Hat's Fibonacci
Time Limit: 2000/1000 MS (Java/Others) Memory Limit: 65536/32768 K (Java/Others)
Total Submission(s): 5705 Accepted Submission(s): 1898
Problem Description
A Fibonacci sequence is calculated by adding the previous two members the sequence, with the first two members being both 1.

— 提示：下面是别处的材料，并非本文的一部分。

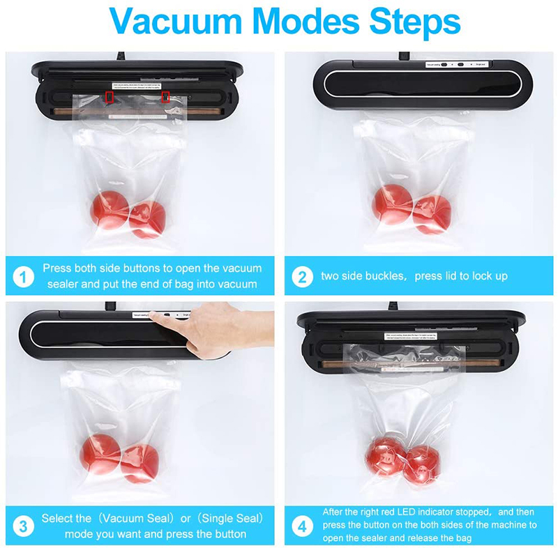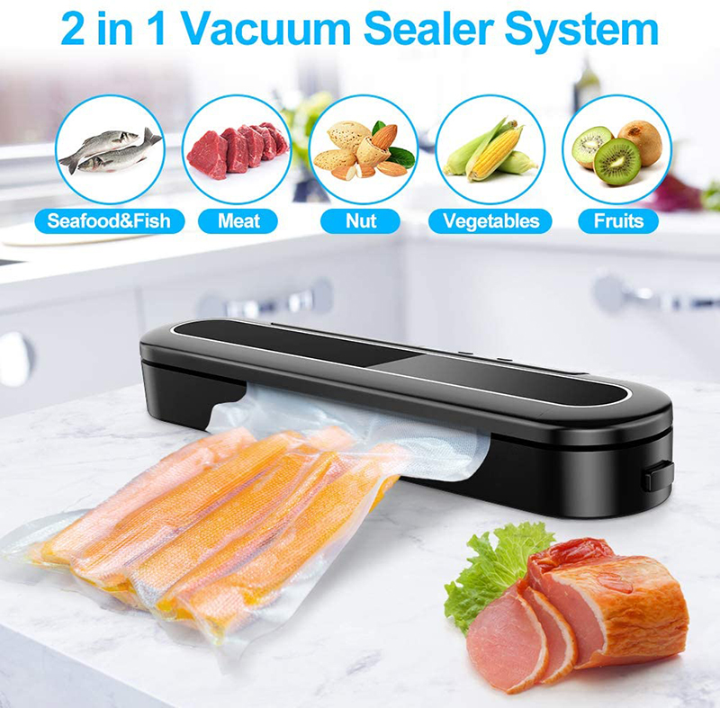 Food Vacuum Sealer quickly removes air from heat-seal bags to reduces spoilage and food waste,

F(1) = 1, F(2) = 1, F(3) = 1,F(4) = 1, F(n>4) = F(n - 1) + F(n-2) + F(n-3) + F(n-4)
Your task is to take a number as input, and print that Fibonacci number.
Input
Each line will contain an integers. Process to end of file.
Output
For each case, output the result in a line.
Sample Input
100
Sample Output
4203968145672990846840663646
Note:
No generated Fibonacci number in excess of 2005 digits will be in the test data, ie. F(20) = 66526 has 5 digits.
解题思路:
把以前的斐波那契数列和大数相加的结合解法。也和N!的解法差不多,
1、 先求出第n个数的结果。每四位保存一起(因为数太大,而且,数组开的越大越占内存)。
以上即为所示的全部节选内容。